# [DATASET CONTENT]
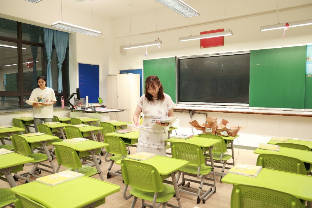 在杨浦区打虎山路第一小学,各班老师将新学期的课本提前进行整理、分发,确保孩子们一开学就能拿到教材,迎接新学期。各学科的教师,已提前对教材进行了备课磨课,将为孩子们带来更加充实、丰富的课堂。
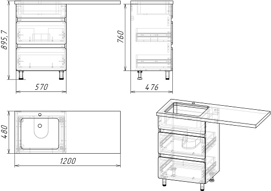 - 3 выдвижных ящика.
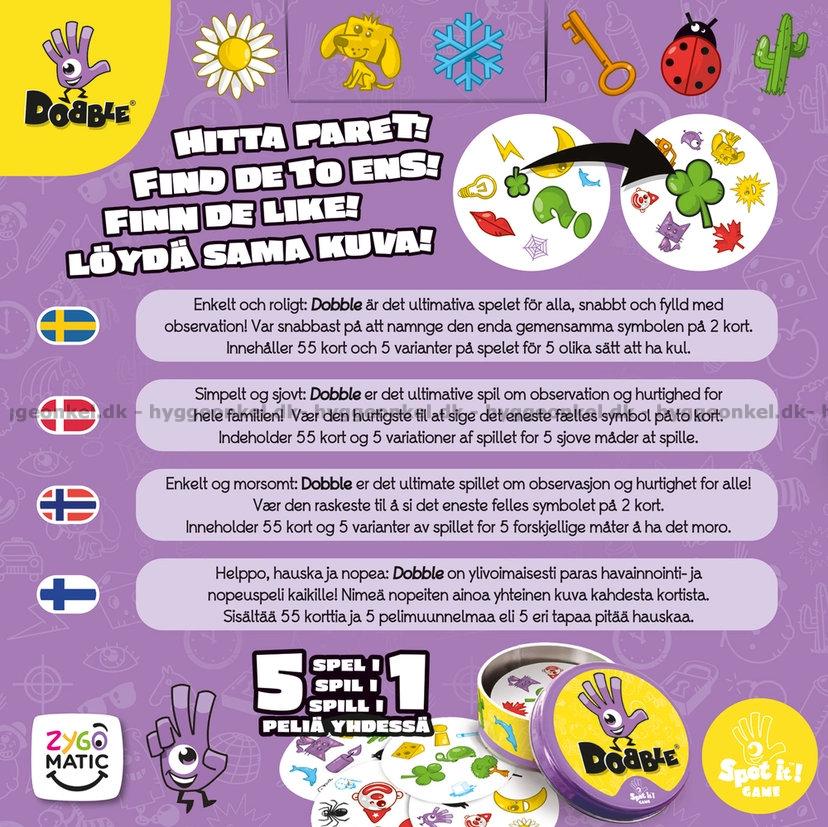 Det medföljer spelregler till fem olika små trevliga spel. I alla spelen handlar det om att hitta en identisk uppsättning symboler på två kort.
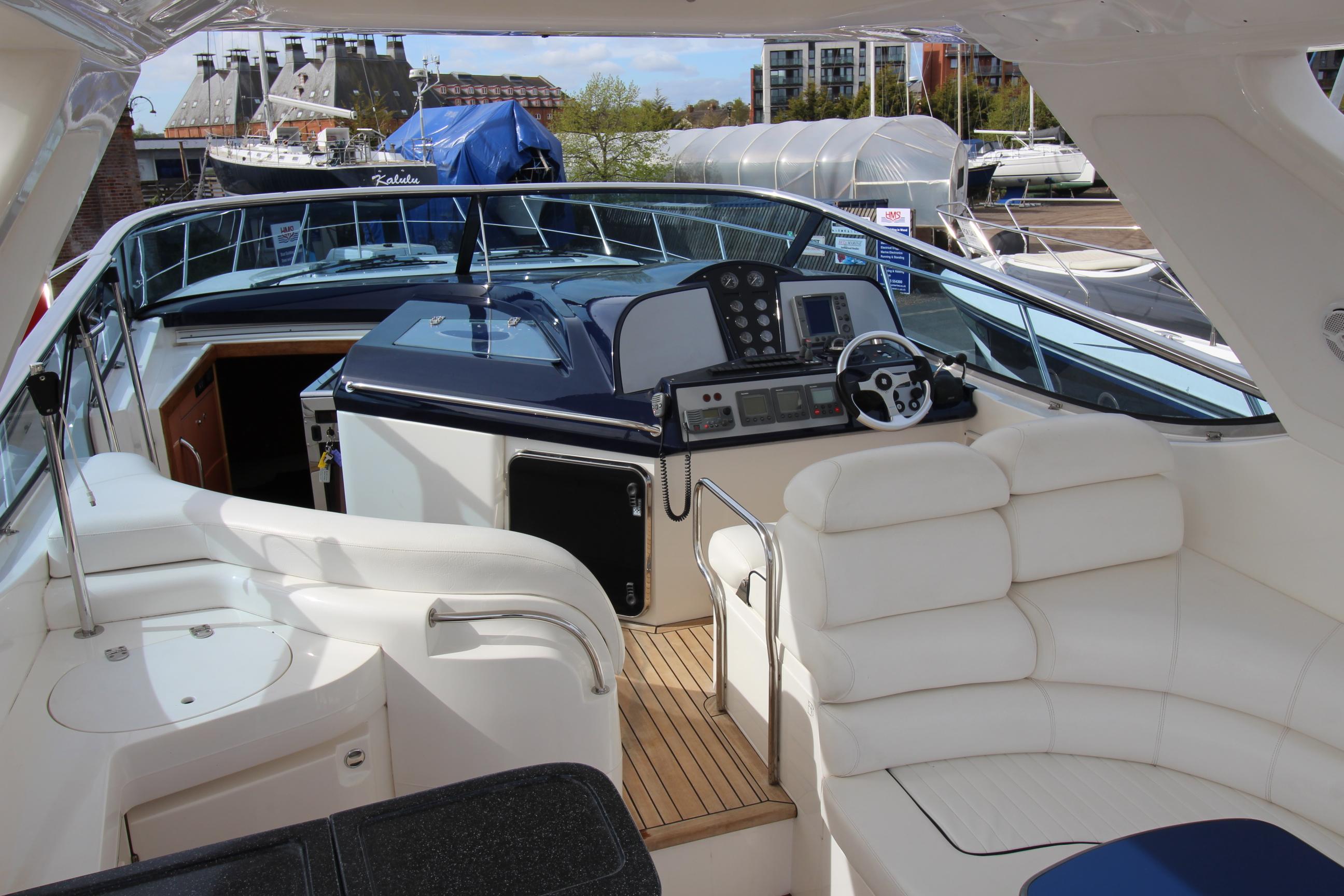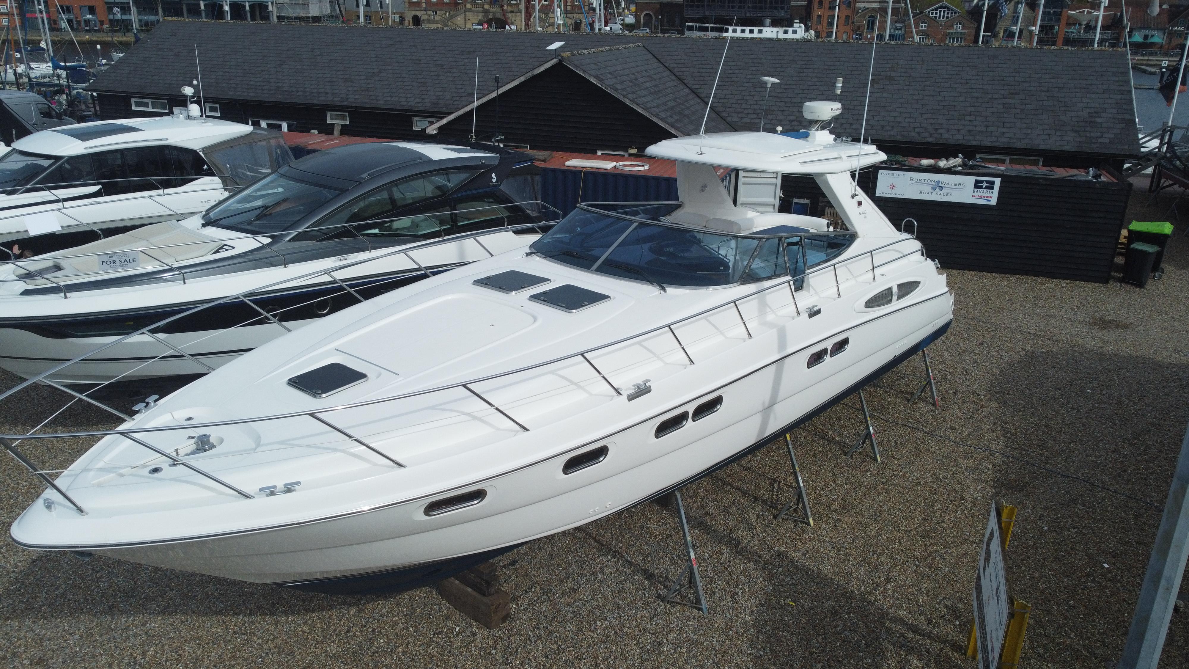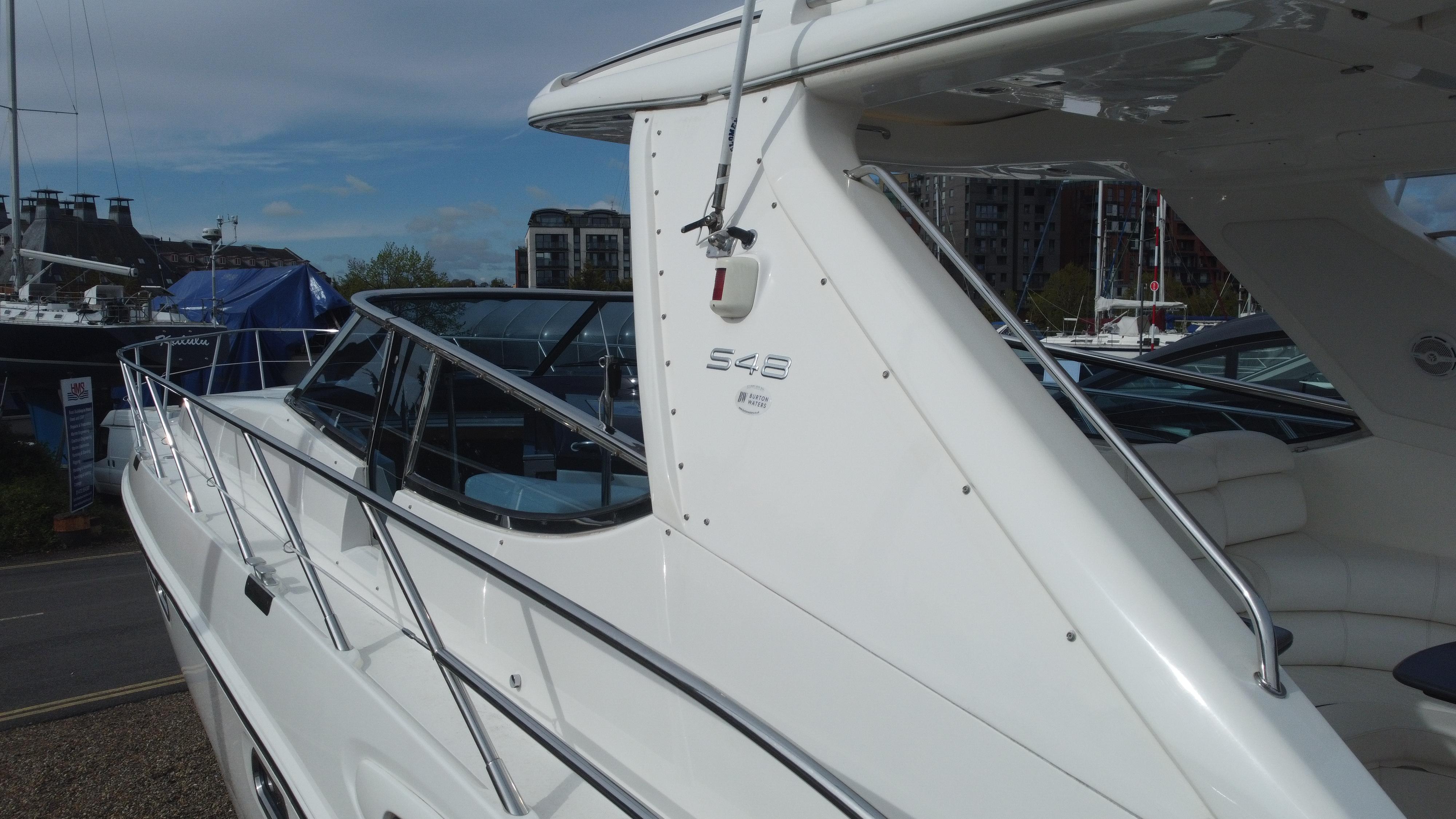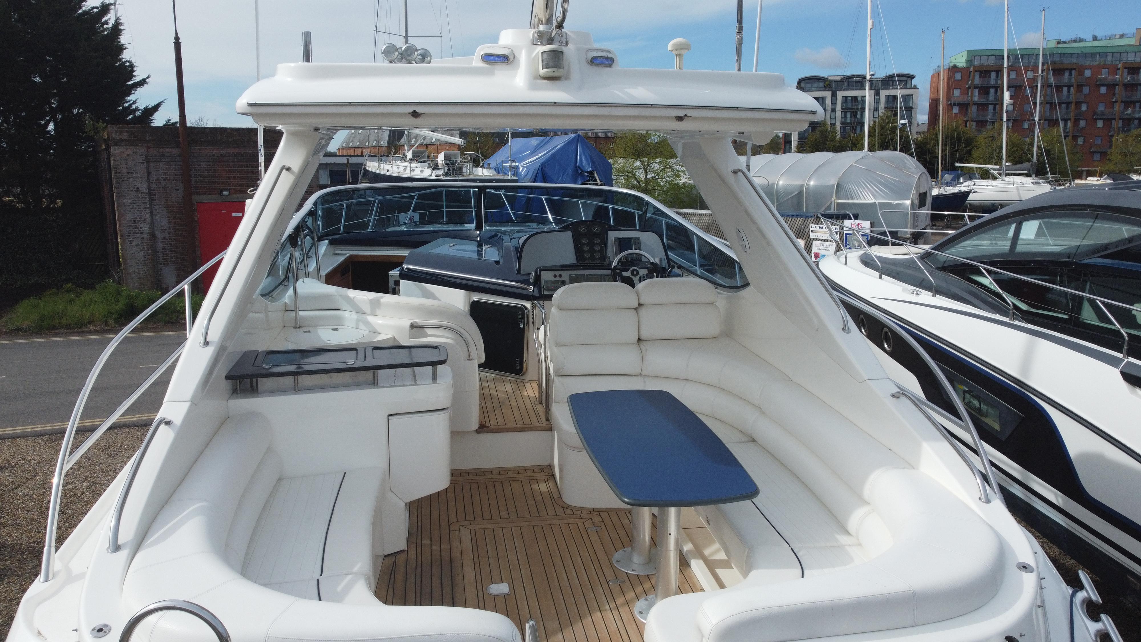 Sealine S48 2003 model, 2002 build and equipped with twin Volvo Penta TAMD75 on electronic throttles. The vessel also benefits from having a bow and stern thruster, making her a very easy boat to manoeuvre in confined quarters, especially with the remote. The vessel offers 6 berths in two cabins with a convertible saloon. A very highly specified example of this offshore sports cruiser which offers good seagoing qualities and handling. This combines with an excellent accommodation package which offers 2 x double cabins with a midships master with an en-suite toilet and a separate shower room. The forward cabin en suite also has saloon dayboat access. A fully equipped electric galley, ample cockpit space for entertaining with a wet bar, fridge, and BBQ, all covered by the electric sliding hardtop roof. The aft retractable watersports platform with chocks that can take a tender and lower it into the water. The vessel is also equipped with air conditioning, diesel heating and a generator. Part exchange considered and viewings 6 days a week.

# [PROBLEM TO WORK ON]
Give the listing again word for word. Skip any pictures.

# [RESULT OF THIS EXERCISE]
 在杨浦区打虎山路第一小学,各班老师将新学期的课本提前进行整理、分发,确保孩子们一开学就能拿到教材,迎接新学期。各学科的教师,已提前对教材进行了备课磨课,将为孩子们带来更加充实、丰富的课堂。
 - 3 выдвижных ящика.
 Det medföljer spelregler till fem olika små trevliga spel. I alla spelen handlar det om att hitta en identisk uppsättning symboler på två kort.
 Sealine S48 2003 model, 2002 build and equipped with twin Volvo Penta TAMD75 on electronic throttles. The vessel also benefits from having a bow and stern thruster, making her a very easy boat to manoeuvre in confined quarters, especially with the remote. The vessel offers 6 berths in two cabins with a convertible saloon. A very highly specified example of this offshore sports cruiser which offers good seagoing qualities and handling. This combines with an excellent accommodation package which offers 2 x double cabins with a midships master with an en-suite toilet and a separate shower room. The forward cabin en suite also has saloon dayboat access. A fully equipped electric galley, ample cockpit space for entertaining with a wet bar, fridge, and BBQ, all covered by the electric sliding hardtop roof. The aft retractable watersports platform with chocks that can take a tender and lower it into the water. The vessel is also equipped with air conditioning, diesel heating and a generator. Part exchange considered and viewings 6 days a week.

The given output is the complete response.